那天晚上肖韵留他在公寓过夜,张溢以为他们会一直这样好下去。

第二天临走前,肖韵说:“张溢,不然还是算了吧。”

什么算了?张溢还没明白。

对上女孩恬静的笑。

“我们算了。”

听完张溢的复述,叶泊语问:“她没有告诉你,她爸妈已经知道你俩的事?”

张溢陷入巨大的茫然,“还有这回事?”

叶泊语点了点头。

说实在的,他没有感情方面的任何经验,更不会安慰人。

“你是不是早就知道?”张溢的眼眶更红了,“早知道你不告诉我?!”

他从地上爬起来,歪歪扭扭就朝叶泊语去。

叶泊语退后一步,“干什么?想打架?你打不过我。”

张溢早没了理智,“打不过又怎样?我早受够你这幅高高在上的嘴脸!你以为谁都是你的奴隶吗?”

叶泊语沉下脸,“你失恋了,我不和你计较。”

“不,大少爷,拜托你和我计较吧,到底谁需要你的宽宏大量?”

“你确定?”

“我百分百肯定!”

叶泊语撸起袖子,“好,这可是你说的。”

##

向坞接到叶泊语的电话,又是没头没尾的一句:“向坞,你来接我。”

从出租屋出来,天色隐隐有些黯淡,开始飘白色的雪点。

站在风雪里,向坞抬头呼出一口气,白雾缓缓向上翻腾。

“好,你在哪里?”

到地方看到瘫倒的两个人,向坞有些头疼,“你们喝了多少?”

“不多!”张溢歪在一边,抬起手,还“嘿嘿”傻乐,“向哥,你来啦。”

叶泊语踉跄起身,路过张溢还公报私仇踢了一脚,“谁让你跟他打招呼?这是我老婆。”

“凶什么凶?欺负我没人要。”张溢说着眼眶又红了,嗡嗡地哭起来。

向坞傻眼了,想问这是什么情况,可在场没一个人能回答他。

两个醉鬼。

“我应该把你送去哪儿?”向坞伤脑筋道,“用不用跟肖韵说一声?”

听到肖韵的名字,张溢忽然抬起头,仿佛没有喝醉一般。

“别,我们分手了。”

向坞一怔,手臂很快被叶泊语缠上。

“哥,哥哥。”叶泊语不停地蹭他。

“我们没有打架,只是喝酒。”他跟向坞保证。

“嗯、嗯,我知道。”

好不容易把张溢送走了,向坞对着缠着他的幼稚鬼一阵头疼,一路上叶泊语一直嘀嘀咕咕。

“向坞,我在你心里最重要对不对?”

“你会一直在我身边对不对?”

“哥哥,你为什么不说话?”

“……因为你有点吵。”

叶泊语把额头他的抵在肩膀上,来回磨蹭,“你不能嫌我吵。”

“那你倒是安分一点。”

向坞说着,伸手揉了揉他的头发,等代驾来的过程中一时出神,想到和芳文洁的对话。

##

出租屋内,向坞说:“你的银行卡不会再被冻结,今后出行也不会再有限制……”

“你什么意思?你在跟我划清界限?”芳文洁仿佛听到什么笑话,撩起凌乱的头发看向自己的儿子。

向坞站在那里,表情没有变。

他长大了,不再是跟在她屁股后面成天喊“妈妈”的小孩子,也不再用灿烂到过分的笑容对着她。

她曾经避之不及的存在,不知从何时起,长到她需要抬头仰望。

“你以为还清了债务,就能摆脱我?向坞,我是你妈!你个狼心狗肺的东西……”

“我知道,其实你一直都很恨我。
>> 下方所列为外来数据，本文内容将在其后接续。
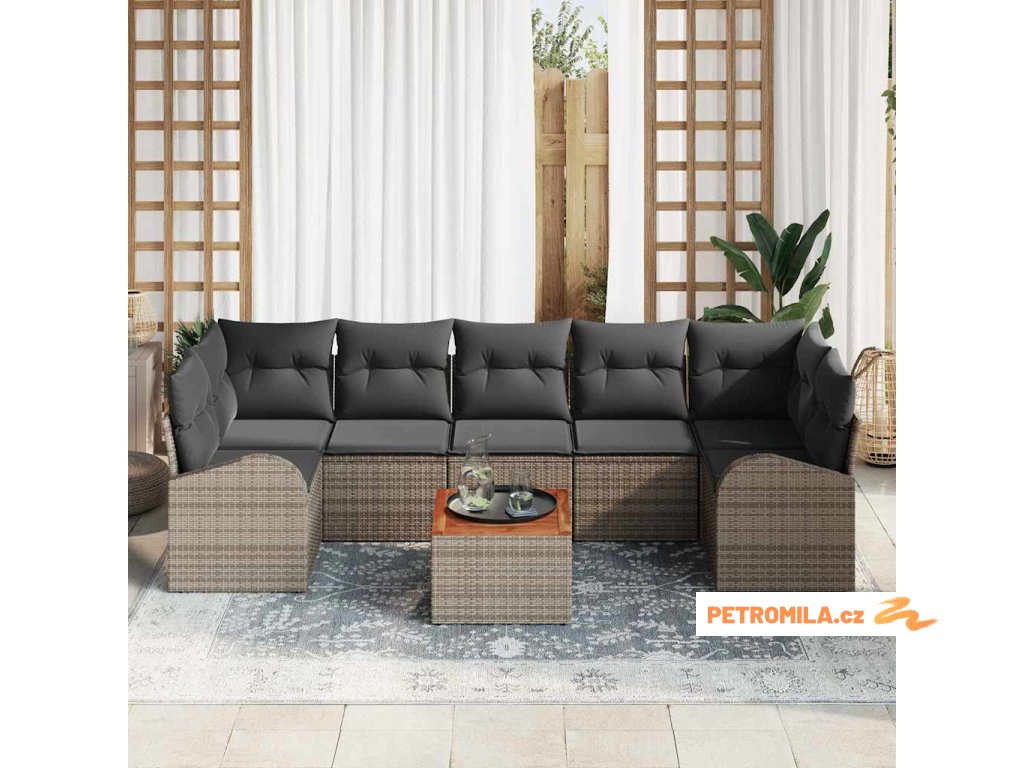Sada zahradních pohovek s úložištěm 8 pcs Šedá polyratan
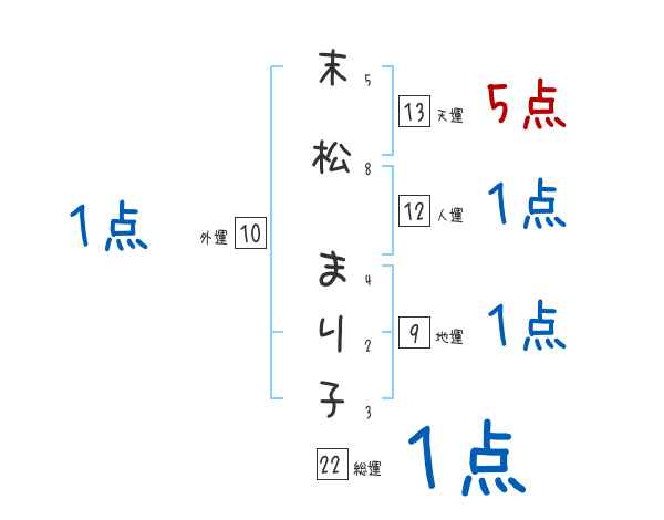 外運![]() | 末松まり子さんの外運は10画の1つ星!不安を感じやすい傾向。ストレスを抱えないように注意しましょう。 生活面を象徴する運勢です。外部から受ける影響力を表し、結婚運、家庭運や職場、環境への順応性を表します。 |
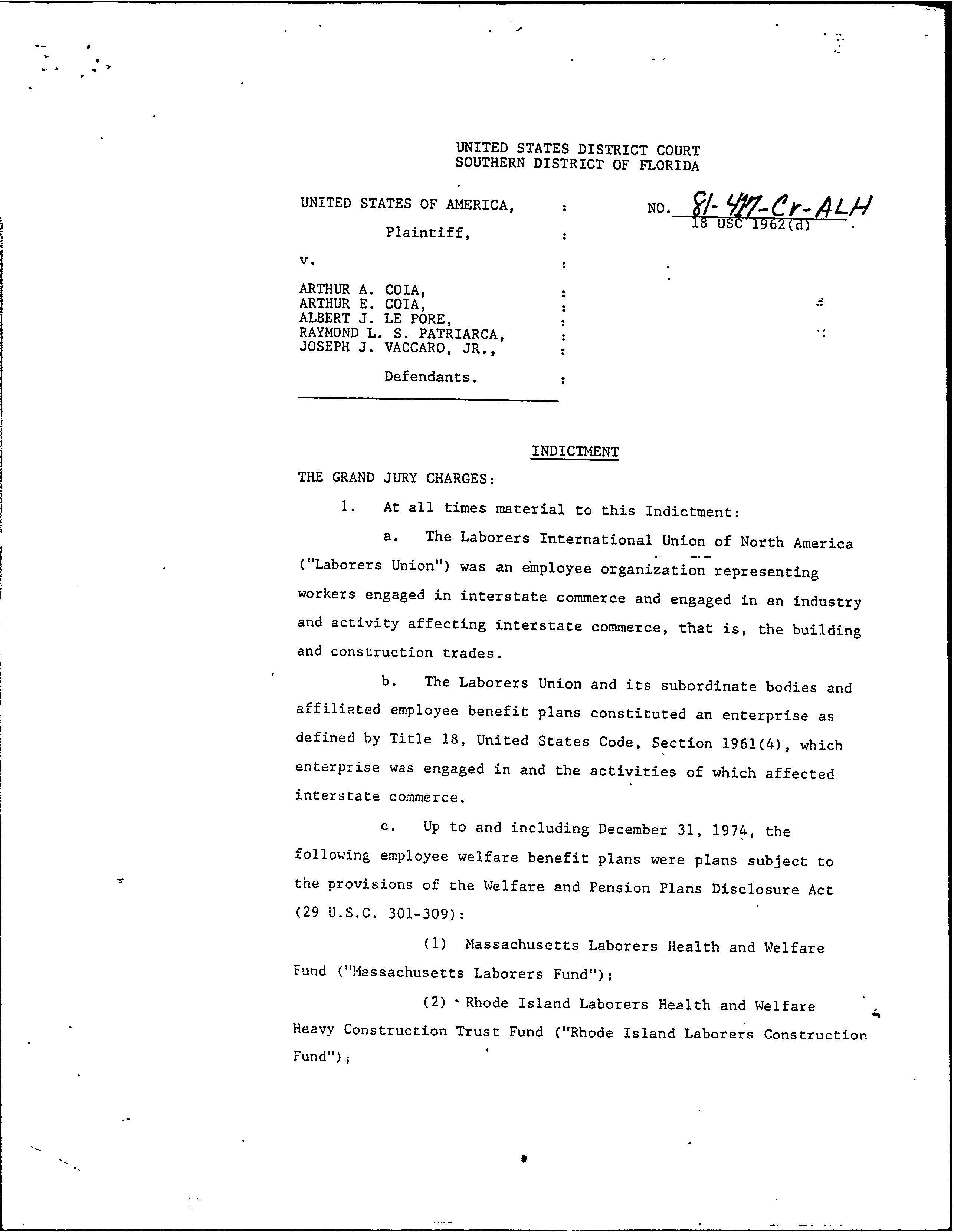 The full indictments are included in the documents. In addition, reponse documents are included as well.

”

“什么?不。”没有父母会恨自己的孩子,芳文洁下意识否认,“是你自己不争气,非要去喜欢男人,我才……”

向坞只是静静看着她,似乎不管她说什么,他都能接受。

芳文洁忽然停止辩解。

曾经她恨向坞那个酒鬼父亲,抛妻弃子,留下这一堆烂摊子。她也害怕面对向坞,所以才把他送回外婆家。

她怕控制不住自己的情绪。

要是没有生下这个孩子就好了,就因为对男人抱有一丝期望,她给自己的后半生添了个累赘。

向坞说得没错。

她恨他。

恨向坞长得和那男人有几分的相似,恨他乖巧听话让她没办法发泄心中的怒火,恨她好不容易接受这一切,他又亲手毁掉它。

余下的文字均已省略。